RATIONALE: Drugs used in chemotherapy use different ways to stop cancer cells from dividing
so they stop growing or die. Peripheral stem cell transplantation may allow the doctor to
give higher doses of chemotherapy drugs and kill more cancer cells. Colony-stimulating
factors such as filgrastim and sargramostim may increase the number of immune cells found in
bone marrow or peripheral blood and may help a person's immune system recover from the side
effects of chemotherapy. Interferon alfa may interfere with the growth of cancer cells. It is
not yet known which treatment regimen is more effective for multiple myeloma.

PURPOSE: Randomized phase II trial to compare the effectiveness of filgrastim with that of
sargramostim plus chemotherapy, peripheral stem cell transplantation, and interferon alfa in
treating patients who have multiple myeloma.

OBJECTIVES:

- Compare disease control and extended survival in patients with multiple myeloma when
treated with either filgrastim (G-CSF) or sargramostim (GM-CSF) plus high-dose
chemotherapy followed by autologous peripheral blood stem cell (PBSC) transplantation
followed by interferon alfa.

- Determine whether these priming treatments induce sufficient mobilization of circulating
PBSC to allow their collection by leukapheresis for subsequent use in autologous
transplantation in these patients.

- Determine whether these treatments induce complete response in conjunction with rapid
hematopoietic recovery and modest transplant-associated morbidity and mortality in this
patient population.

- Determine whether interferon alfa, given as maintenance immunostimulatory therapy for
patients achieving significant cytoreduction post transplantation, can prevent or delay
malignant relapse in these patients.

OUTLINE: This is a randomized study. Patients are randomized to one of two treatment arms.

- Arm I: In the priming phase, patients receive cyclophosphamide IV over 2 hours on day 1,
mitoxantrone IV over 1 hour daily on days 1-2, and dexamethasone IV every 12 hours
beginning on day 1 for a total of 4 doses. Patients also receive sargramostim (GM-CSF)
IV over 2 hours or subcutaneously (SC) daily beginning 48 hours after the last dose of
mitoxantrone and continuing until completion of leukapheresis. Peripheral blood stem
cells (PBSC) are collected daily on days 11-13 after neutrophil recovery.

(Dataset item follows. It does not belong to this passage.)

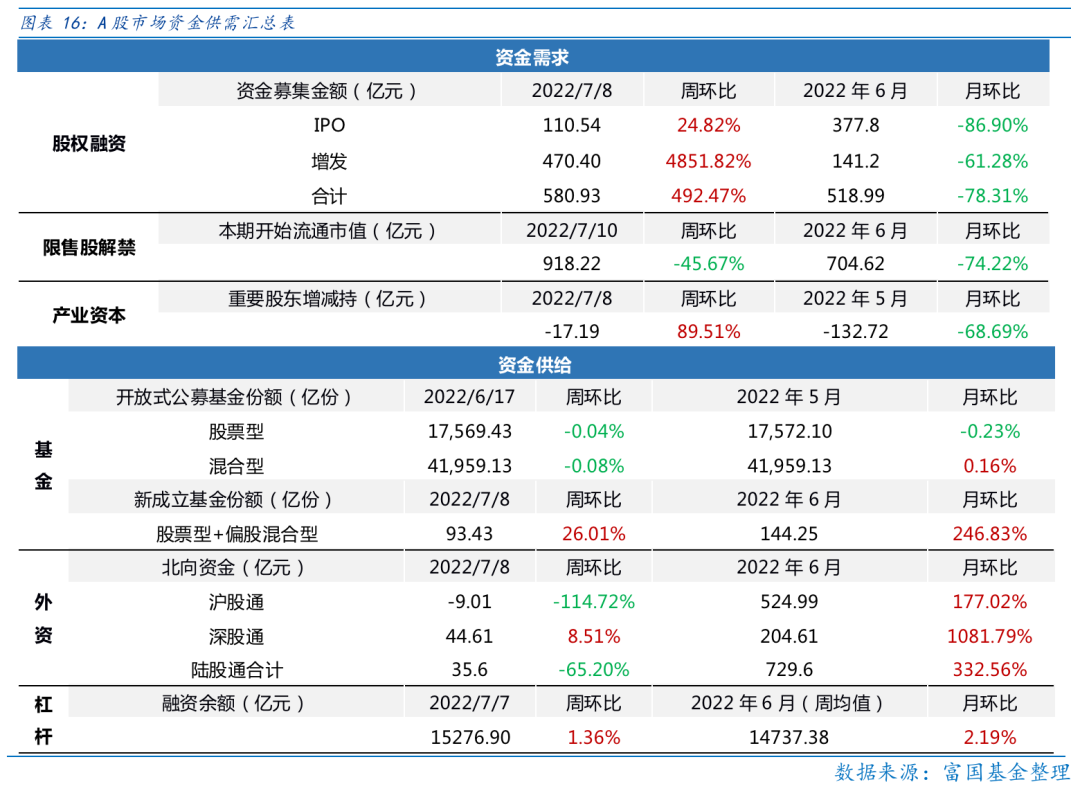 资金需求方面,本周一级市场规模有所增加,限售股解禁压力上行,重要股东增持。本周一级市场资金募集金额合计580.93亿元,较上周大幅增加492.47%;结构上,IPO募集110.54亿元,周环比增加24.82%;增发募集470.40亿,周环比增加4851.82%。本周限售股解禁规模合计918.22亿元,周环比减少45.67%,根据目前披露的数据,预计下周解禁规模约918.22亿元,解禁压力有所上行。本周重要股东减持17.19亿元,上周减持145.93亿元。

- Arm II: In the priming phase, patients receive the same treatment as in arm I except
these patients receive filgrastim (G-CSF) IV over 15 minutes or SC in place of GM-CSF.

In the transplant phase, patients who have not received prior radiotherapy receive
cyclophosphamide IV over 2 hours daily on days -6 and -5 and total body irradiation twice
daily on days -3 through -1. Autologous PBSC are reinfused on day 0. Patients also receive
GM-CSF IV over 2 hours daily and G-CSF IV over 15 minutes daily beginning on day 0 and
continuing until day 28 or until blood counts recover.

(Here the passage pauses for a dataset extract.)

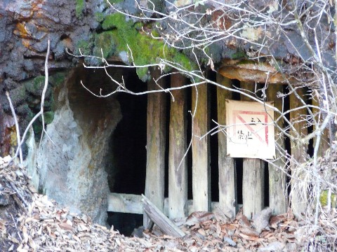 その地下に数百キロに渡る鉱床が眠る鉱山道路対岸の壁面。 良く見ると・・・ 結構あちこちに黒っぽい影があります!(涎) 廃鉱床? 中には、単に岩の窪みとか草陰だったりすることもありますが・・・ 中には、本当の廃鉱床の入口もあります!! ただし毎回思うのですが・・・ どうやって、その入口から入ったのか?(汗) って言うか、人が屈みながら出ないと絶対に入れない大きさですし!! ズリ石を捨てるための穴と言うわけでも無いはずです。 だって、側に石を捨てたら・・・(汗) あっという間に埋まってしまいますし! また、単なる通風孔と言う事も考えられますが・・・ 画像の入口(?) 立入禁止の看板が付いてますが・・・ 誰か入ろうとした人がいるのか?(汗) 一本だけ、柵が折れているのが物凄く気になるんですけど! たしか2年前は、折れていなかったのに・・・ でも、鉱床内部は酸素が無い場所もあります! 現役稼動時でも、外からポンプで空気を送り込んでいたような場所もあります! 間違っても入ろうなんて考えるのは止めましょうね!!

Patients who have received prior radiotherapy receive cyclophosphamide IV over 2 hours daily
on days -6 through -3, carmustine IV over 1 hour on day -6, and etoposide IV over 4 hours
every 12 hours for a total of 6 doses on days -6 through -4. Autologous PBSC are reinfused on
day 0. Patients also receive GM-CSF IV over 2 hours daily and G-CSF IV over 15 minutes daily
beginning on day 0 and continuing until day 28 or until blood counts recover.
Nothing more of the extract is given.